Why Sprott Physical Gold is drawing quiet interest from cautious savers
18.06.2026 - 13:57:45 | ad-hoc-news.deReviewed: ad hoc news Software & Services desk. Edited and checked on 2026-06-18, 13:56. Details in the imprint.
Sprott Physical Gold Trust sits in many online broker lists as the dry ticker PHYS, but behind that string of letters are real 400-ounce bars stacked in a Toronto vault. The idea is simple: wrap allocated bullion in a stock-exchange wrapper that normal savers can actually buy.
Background on the Sprott Physical Gold Trust
The trust turns vaulted gold into a tradable security and publishes detailed bar lists and audits for investors who want to look under the hood.
How Sprott Physical Gold works
The Sprott Physical Gold Trust is a closed-end trust that holds only London Good Delivery physical gold bullion in storage, rather than futures or complex derivatives. Investors buy and sell units on the stock exchange, while the trust itself owns the underlying bars.
According to Sprott, the bullion is fully allocated and segregated, which means each bar is specifically identified and not lent out. A detailed bar list is published regularly so that investors can see serial numbers, refiner, and weight for every bar held in the vault.
Vaults, audits, and redemption
The gold backing PHYS sits primarily in the Royal Canadian Mint’s high-security vaults in Canada, a setting more reminiscent of a fortified warehouse than a glossy bank branch. Independent auditors physically count and verify the bars at least once a year.

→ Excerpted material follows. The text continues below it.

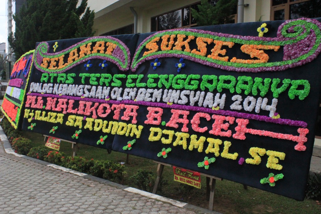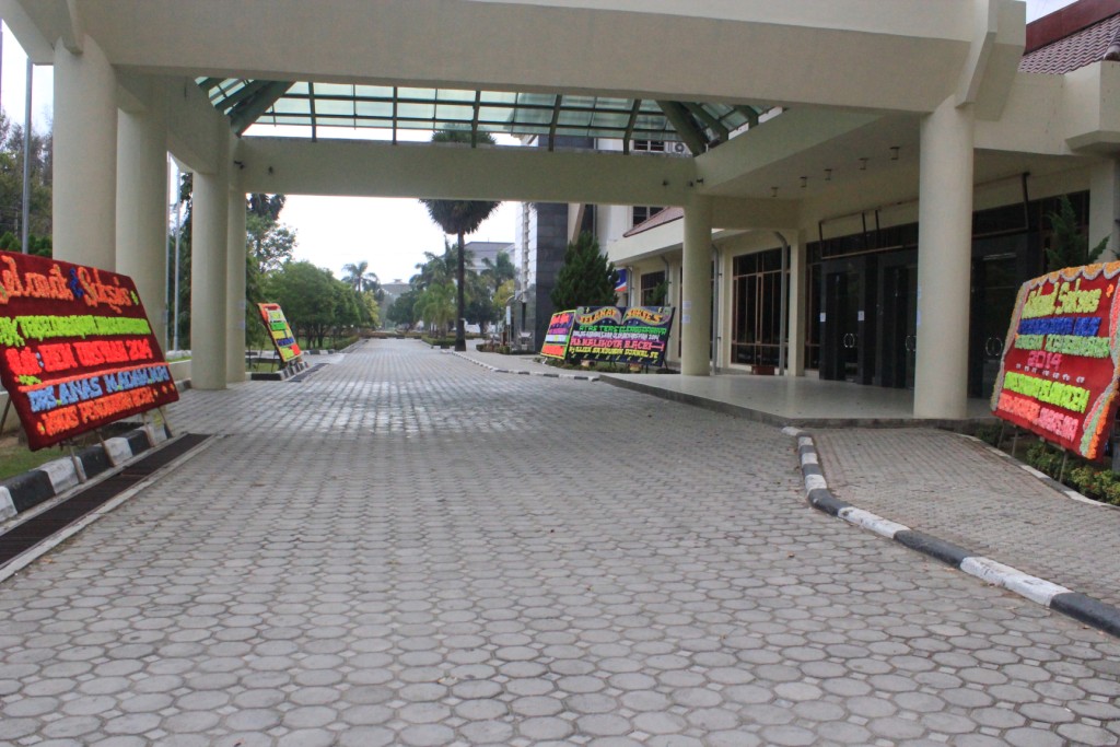 Foto 1: Suasana didepan gedung AAC lenggang. Terlihat beberapa papan bunga ucapan selamat dari Walikota Banda Aceh dan beberapa Kepala Dinas Aceh. (Tajul Ula / DETaK)

One special twist compared with many gold ETFs is the option for large holders to redeem units for physical bullion, subject to minimum blocks and procedures. For most retail savers this remains theoretical, but the possibility reassures some who care deeply about metal in hand.
Costs and tracking to gold price
The trust charges an annual management fee of around 0.35 percent, in line with specialized physical bullion vehicles and above the very cheapest synthetic gold trackers. Ongoing storage, insurance, and audit costs are folded into this fee, so there are no separate vault invoices landing in your inbox.
On the exchange, the PHYS unit price tends to follow the spot gold price, but as a closed-end structure it can trade at a small premium or discount to its net asset value. That discount or premium can widen in times of stress when demand for physical exposure spikes or fades.
Who Sprott Physical Gold targets
PHYS is aimed at investors who want the feel of owning specific gold bars, but who would rather tap a broker account than negotiate with a bullion dealer. The fully allocated structure and Canadian vault location appeal to buyers with a strong focus on custody.
It also speaks to savers who already hold stocks and bonds in a brokerage portfolio and want to add a gold sleeve without learning how to store coins at home. For them the ticker and the vault become a pragmatic compromise between purity and convenience.
Company angle and market listing
For Sprott, the Physical Gold Trust sits alongside other precious metal and mining investment products, reinforcing its positioning as a specialist in hard-asset strategies. The vehicle competes with larger bullion-backed products but leans into its fully allocated, redeemable niche.
Units of Sprott Physical Gold Trust (ISIN CA7847301032) trade on the NYSE Arca in US dollars under the ticker PHYS.
Key facts on Sprott Physical Gold Trust
- Product: Sprott Physical Gold Trust (PHYS)
- Manufacturer: Sprott Physical Gold Trust
- Category: Software/Service/Subscription
- Launch: 2010
- RRP / Price: Exchange-traded, price fluctuates with gold (USD)
- Availability: Listed primarily on NYSE Arca (PHYS), accessible via international brokers
- Target group: Retail and institutional investors seeking allocated gold exposure via a listed security
- Highlight / USP: Fully allocated, redeemable physical gold bullion stored at the Royal Canadian Mint
This article was AI-assisted and editorially reviewed. Product information without guarantee; prices and availability may change at short notice. No investment advice, no buy or sell recommendation. Stock-market transactions involve risks up to total loss.